I sit down on the floor with my head agiant the door. I could hear laughing emerge from the kitchen while I'm in the bathroom alone, and crying. I littely almost just had a panic attack over them seeing me upset. How pathetic can I get? I softly groan as I stand up and look at myself in the mirror. As soon as I saw my reflection the tears started in again. I swear I've gained weight. I dont even know how. I barly eat anything as it is. How am I gaining more? I take a wash cloth and wet it with cold water. I hiccuped as I softly cried. I calmed down not long after. I just wasn't going to be looking in the mirror anytime soon.

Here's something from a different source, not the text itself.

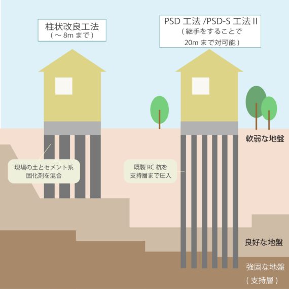 軟弱層厚・支持層深度が不均一な地盤に有効
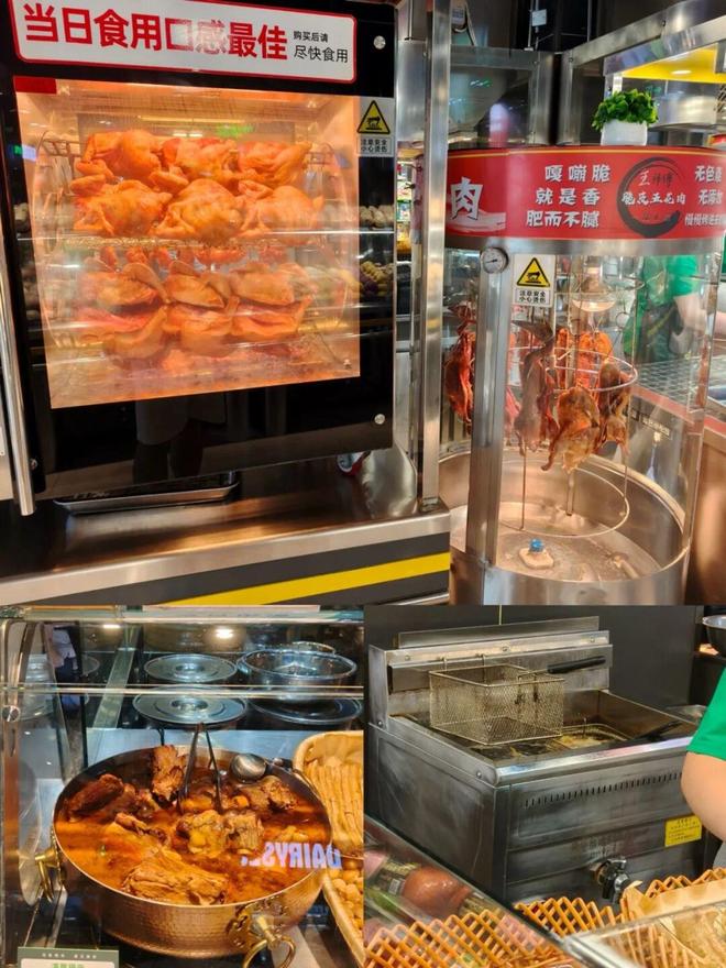 除了自营大单品,食品区也通过陈列设计凸显商品新鲜度与专业性:尤其是热厨鲜食区域均采用暖光灯陈列,烤鸡烤炉、烤鸭烤架持续旋转烤制,旁侧悬挂着刚出炉的烤鸭与烤鸡;消费者挑选炸物时,工作人员还会在现场操作间进行简单复炸后再打包。

I wash my face with the cold wet rag. I ring the rag out and set it up to dry off so I can use it later. I tap my face dry with the towel and sigh softly. As soon as I open my eyes back up I frown. I look in the mirror to see my eyes red and puffy. My visible double chin diddnt help either. No matter what I did it was there. It wasn't terribly bad,but its there. I whipe my eyes and turn away from the mirror. This is enough of hating my body for one day.


I carefully open up the bathroom door trying not to make any noise. I peak out the door and they are both still in the kitchen. I smile softly and open the door all the way. I slowly and carefully walk out of the bathroom and go straight to the stairs.